我将陆向远的房门打开,发现他竟然还在床上。
我诧异地问道:“陆向远,你怎么还没有走?”
没有人回答我。
难道生病了?
我这才想起他昨天没有喝姜汤,赶紧跑到他的床前。他紧紧地裹着被子,脸上却泛着不正常的红晕。
我伸出手贴着他的额头,温度高得我立即就撤回了手。
真的发烧了。
我将黑花放在床上,赶紧冲进我的房间,拿出陈翼屏女士为我准备的一大坨感冒退烧药,我一盒一盒地对着症状找,终于找到一个专治退烧的药,又再一次冲进他的房间。
我倒了一杯温水,又将他的上半身稍稍扶着,让他把药喝了下去。
然后按着电视剧里面伺候发烧的人应该要做的步骤,替他将身上起的一层虚汗擦了,然后给他换了一件干净的上衣。
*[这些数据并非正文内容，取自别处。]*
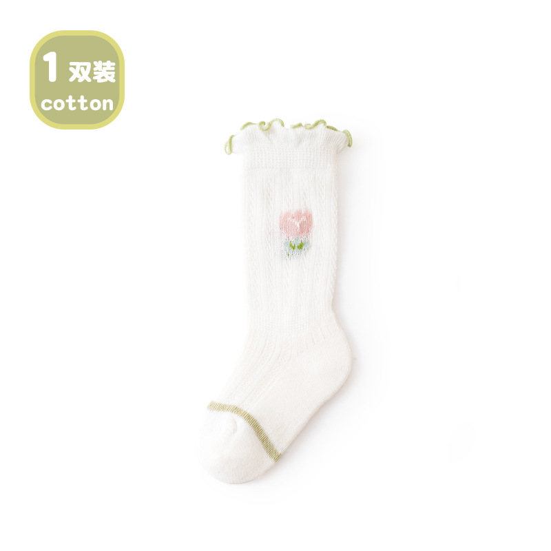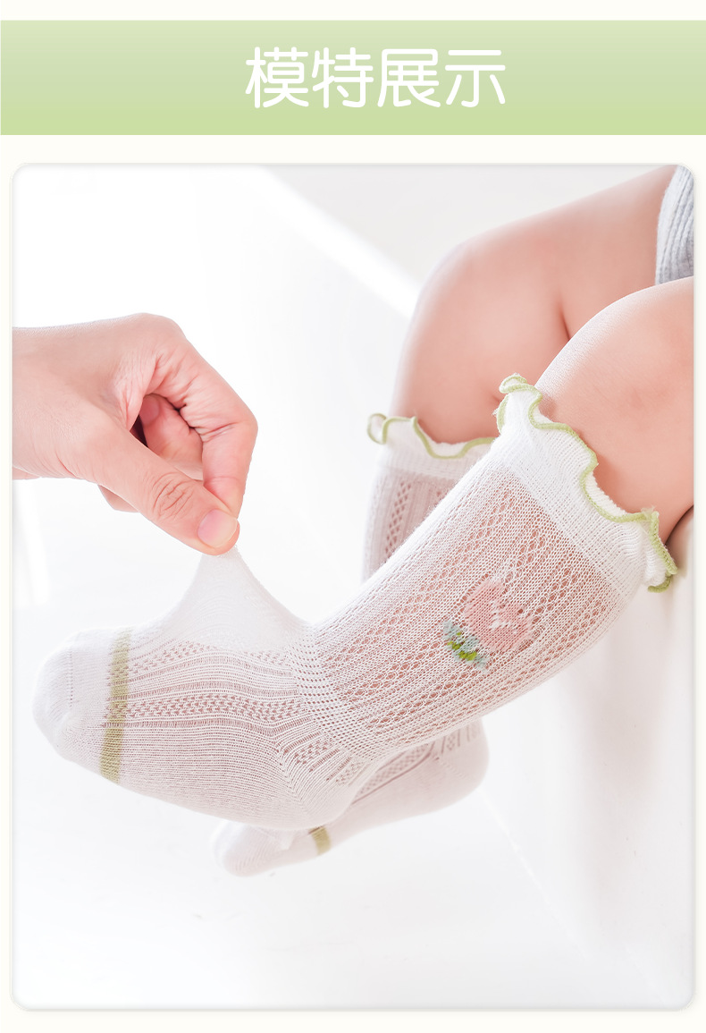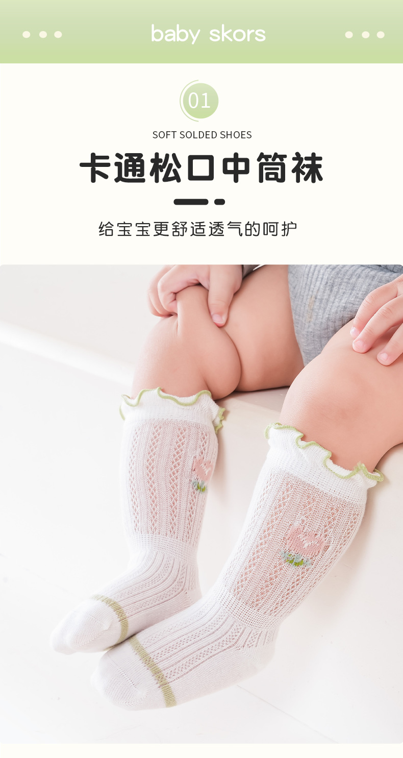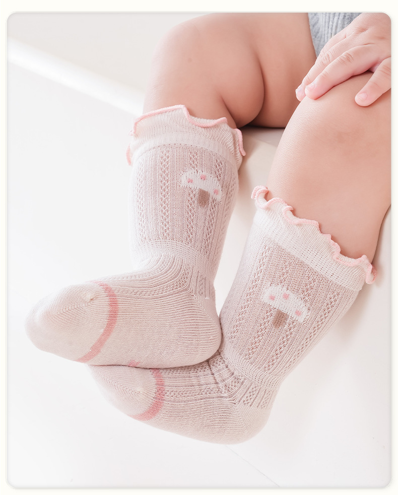 Liu Chengxing 봄과 여름 새로운 아기 메쉬 양말 얇은 만화 곰팡이 레이스 아기 중간 송아지 양말 뼈없는 느슨한 입

弄好一切,我已经精疲力尽,在他的身边躺了一会儿之后,就替他掖好被角,下楼去熬粥。
天可怜见,算上上次为安念熬粥,这是第二次,竟然做成功了。
我端着粥上楼的时候,陆向远已经醒来了,他正站在门口,看上去是要下楼来。
我见他脸色仍旧苍白,着急地说:“你正发着烧呢,赶紧去床上躺着。”
陆向远说话的声音都还很虚弱:“我向来退烧很快,现在已经没有什么事情了。”
我强硬地说道:“没有什么事情也去给我躺着。”
陆向远见我态度坚决,就无可奈何地回到床上。
我献宝似地说:“陆先生,你快看看我第二次熬的粥,这品相多好呀。”
“不过一碗白粥,有什么品相。”陆向远无语。
“你能不能有一次赞扬我的时候,就一次就好
。”我盛了一碗粥递给他。
陆向远安静地吃粥,三下两下就吃光了。我又给他添了一碗,他很快又吃干净了。
我的自豪感快要让我自己飞起来了,陆向远喜欢吃我做的粥,这让我怎么能够不高兴呢。
吃过早餐,陆向远便要去公司,被我强硬地拦下了,并且用他的手机给梁司严打了电话请了病假。
今天只要我在,他就别想离开床半步。
陆向远又不喜欢刷微博,看八卦,我便拿一本安念给宋则言写的书《枕着你的容颜入睡》念给陆向远听,听着听着他就听出了端倪。